Perhaps 1,850 people have been diagnosed with Ebola hemorrhagic fever since the virus was first identified 36 years ago in the Democratic Republic of Congo. Still, Ebola has a grip on the public imagination that far exceeds the danger it actually poses — in part because of those 1,850 sick people, some 1,200 went on to die. And the deaths are rarely easy — Ebola can cause severe fever, muscle pain, weakness, vomiting, diarrhea and unstoppable bleeding. There is no treatment and no vaccine.
That’s why the latest Ebola outbreak in western Uganda, which has involved at least 20 cases and 14 deaths so far, has received so much attention. What’s got people worried in this case is that one infected patient managed to travel to a hospital in Uganda’s capital, Kampala, a city of 1.5 million people with air connections to the rest of Africa and the world. Although there has been no evidence yet that Ebola is actively spreading in the city, Kampala residents are, to put it simply, freaked out — so much so that people immediately fled the hospital once word spread that an Ebola patient was being treated there. Ebola spreads by contact. When you contact each other physically then Ebola spreads through sweat, through saliva in case you kiss, blood (exchange of blood), vomiting in case you touch the vomit of somebody who is sick or diarrhea, urine, sexual fluids, etc., all those transmit Ebola. Fortunately it seems Ebola does not spread through air (through breathing).
Unless the virus somehow spreads from the Kampala hospital into the general population, the virus likely poses little threat to urban Ugandans — and even less to the rest of the world. That’s because as frightening as Ebola is, transmission requires direct contact with infected bodily fluids, including blood or saliva. It can’t be transmitted through the air like the flu or SARS. Unlike HIV, which is also passed through bodily fluids, Ebola makes the infected so obviously sick so soon that there’s little chance transmission could happen in secret. The most at-risk group for secondary Ebola infections is actually health care workers, which is why the 20 doctors and nurses who made the journey with the infected patient from Kibaale are in quarantine, just in case they too contracted the disease.
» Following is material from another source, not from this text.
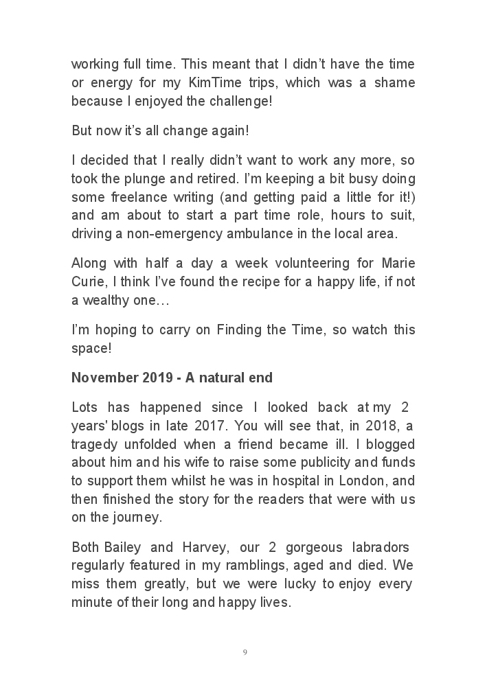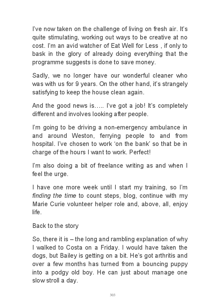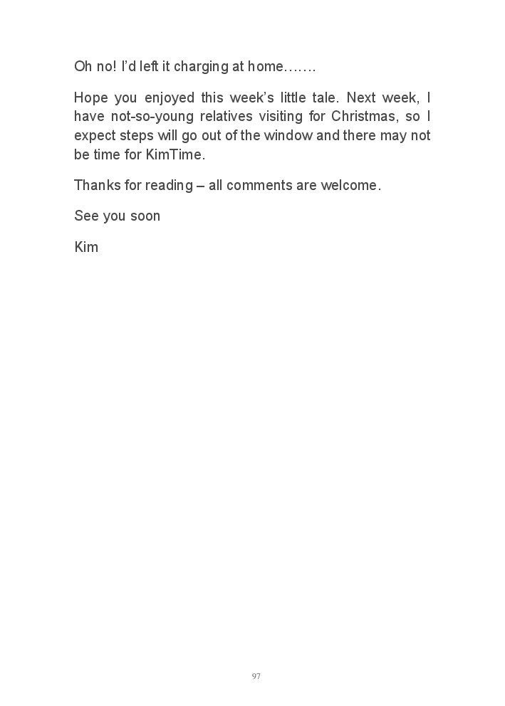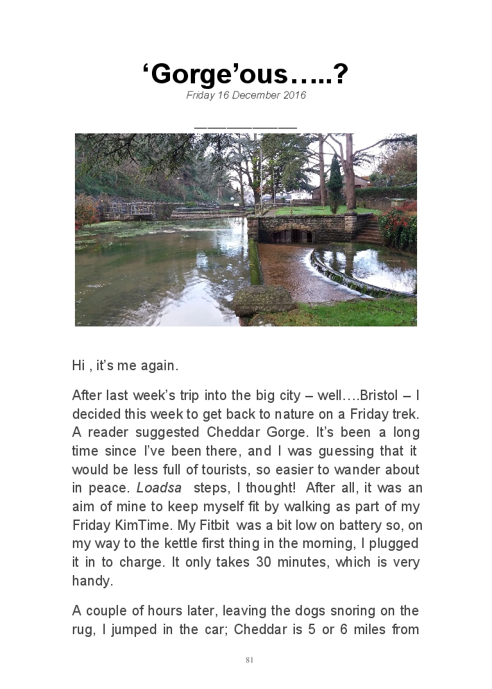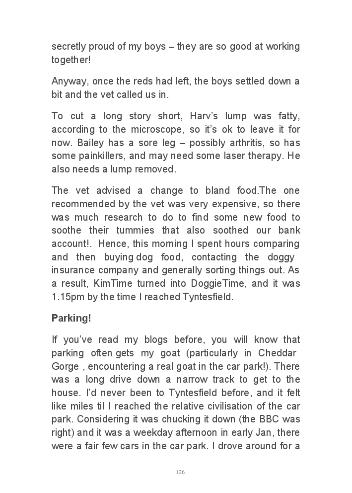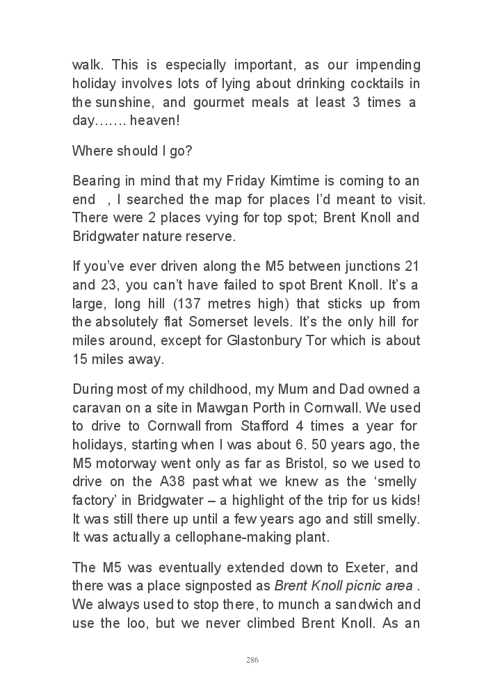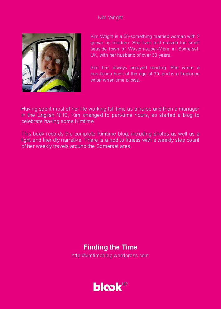 This book records the complete Kimtime blog, including photos as well as a light and friendly narrative. There is a nod to fitness with a weekly step count of her weekly travels around the Somerset area.

The presence of Ebola in a major African capital should still raise worries, however. New diseases begin in rural areas, where humans and wild animals — especially primates that are genetically closer to human beings — interact. But without roads and air travel, those viruses will mostly stay there. HIV was active among people in Central Africa for decades before it was able to spread to the rest of the world, thanks largely to air travel. The same thing happened with SARS in 2003: though the virus emerged in the marketplaces of southern China, it didn’t spread around the world until sick patients made it to Hong Kong, one of the busiest airports in the world. Ebola has had decades to try to make it out of Africa and establish itself as a truly global threat. Thankfully for the rest of us, it hasn’t succeeded, and it seems unlikely to do so, barring some mutation in the virus that makes it more portable. But new viruses are always emerging in hot spots like Central Africa, places that are now perhaps just 24 hours’ travel from the U.S. Eventually one of them may well make it to the rest of the world — and the first stages may well resemble the Ebola outbreak hitting Uganda.